An artist's illustration shows the size of Pluto in comparison to Earth, the moon and Quaoar, a planetoid in orbit beyond Pluto. The 2002 discovery of Quaoar and other heroic objects in the Kuiper Belt was part of what LED to the decision to change today's definition of the Word planet. |
NASA/JPL-Caltech/R. Hurt (SSC-Caltech) |
"It's not that IAU is wrong, or that I'm wrong — it's what is the utility of the definition," says Mark Sykes. He's the director of the Planetary Science Constitute in Tucson, Ariz. "A lot of my colleagues feel, we really stool't use the system the way the IAU wants to organize it." He and others prefer to define planets by physical characteristics. To them, a planet is a body that is large enough that its own gravity volition crush it into a spherical human body.
Once objects raise this large, he aforementioned their interiors get on calorific enough to produce liquid materials that move below the aboveground. "At that point, you start getting geology, like the planetary processes [so much As volcanoes and dental plate plate tectonic theory] here on Globe," He says.
Shaping planets in this way as wel opens the theory that many some other objects in the Kuiper belt could be considered planets, Weintraub says. "The likelihood of finding objects thither large than Pluto are pretty angelical," he says. "If you're non bothered past letting more planets in the room, it doesn't infliction you if there are 16 operating theatre 22, you don't have to ascend with a definition that excludes these smaller guys."
New view of the solar system
In the end, the planet argue exists only because astronomers are trying to make sense of new discoveries about the star system.

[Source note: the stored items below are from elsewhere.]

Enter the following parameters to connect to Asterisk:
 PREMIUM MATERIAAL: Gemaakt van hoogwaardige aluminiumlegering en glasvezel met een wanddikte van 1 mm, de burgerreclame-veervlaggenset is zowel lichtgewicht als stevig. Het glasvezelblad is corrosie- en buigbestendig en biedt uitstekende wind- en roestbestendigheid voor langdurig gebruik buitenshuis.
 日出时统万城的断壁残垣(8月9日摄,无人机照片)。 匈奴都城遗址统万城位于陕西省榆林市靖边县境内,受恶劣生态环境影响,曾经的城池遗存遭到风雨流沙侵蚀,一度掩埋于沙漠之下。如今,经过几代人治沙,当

Eastern Samoa in any field of science, fitting spick-and-span discoveries into existing categories doesn't always work. And that's a good thing, says Alan Stern, world scientist and principal investigator of the New Horizons mission to Pluto and the Kuiper belt.
"We're in the midst of a revolution about the architecture of our solar system," Stern says. "We used to vociferation Neptune and Uranus the outer planets, simply it turns out, they're in the middle of a much larger system. IT's the outside zone where the action is."

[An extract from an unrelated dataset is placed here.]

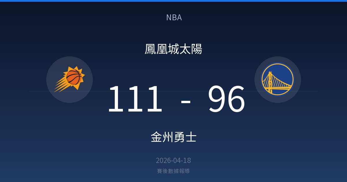鳳凰城太陽 111-96 金州勇士|NBA賽後戰報
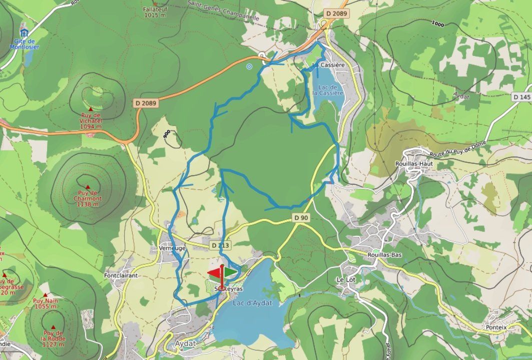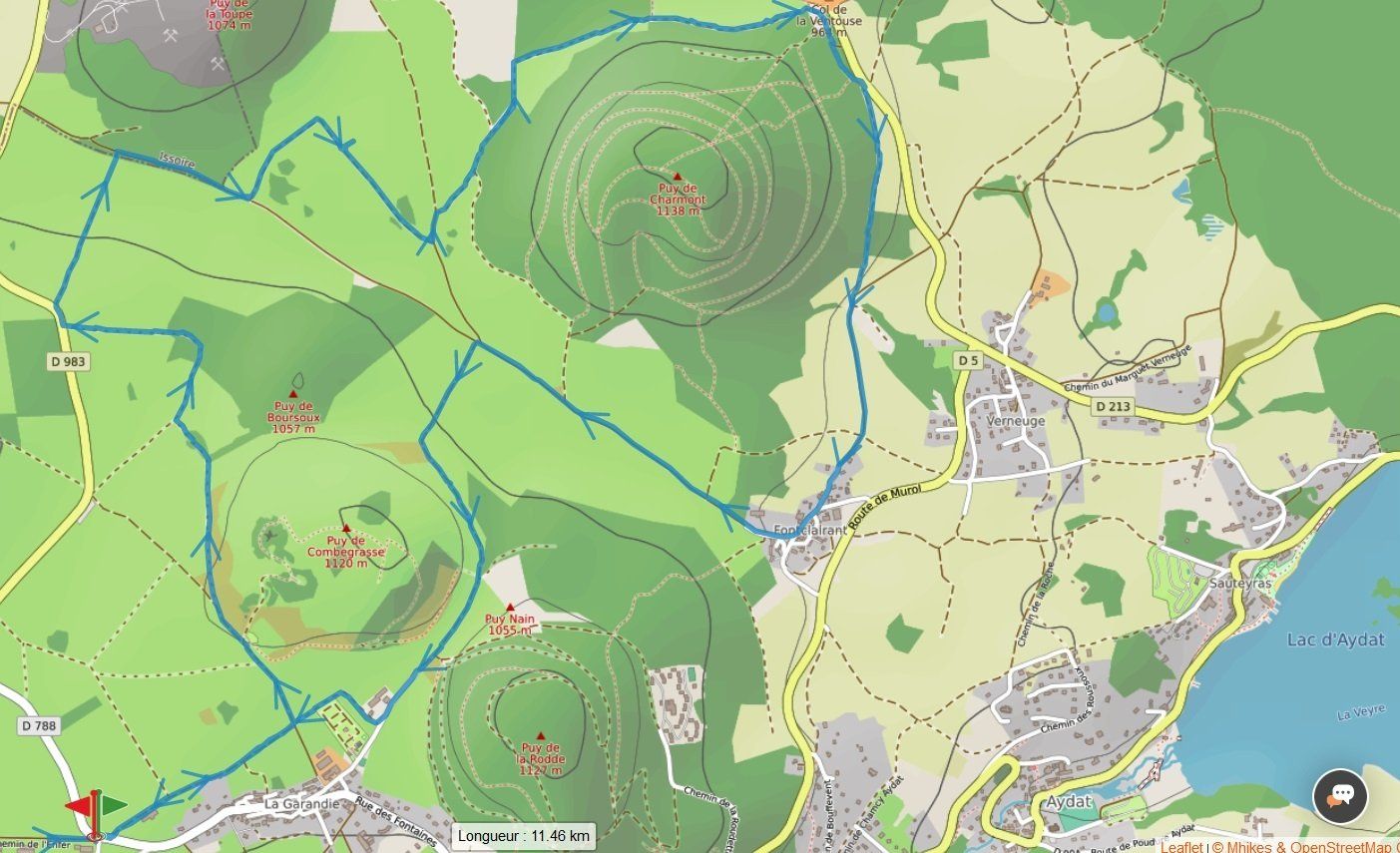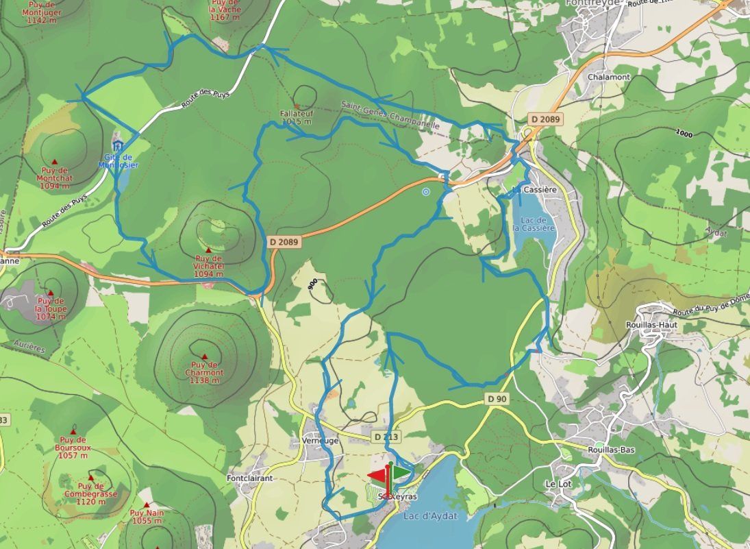 - Circuito de 20 km alrededor de los puys (Vichatel, Charmont, Rodde...), saliendo del camping (circuito propuesto por un campista, ¡a quien agradecemos!)

Helium compares advances in astronomy today to the senesce of discovery when Columbus sailed to the Americas in 1492. "Columbus sailed west to annoy India and thinking he was there. When he found out He wasn't, the map of the humans changed completely. This is a similar kind of revolution," Buns says.
Consolmagno agrees. "We're looking at a spic-and-span class of objects," he says. "One person told Pine Tree State, as a planet Pluto was forever an ugly duckling. Just when you look at information technology as an example of its own category, it's a beautiful swan. It's a classic example of a brand-new category."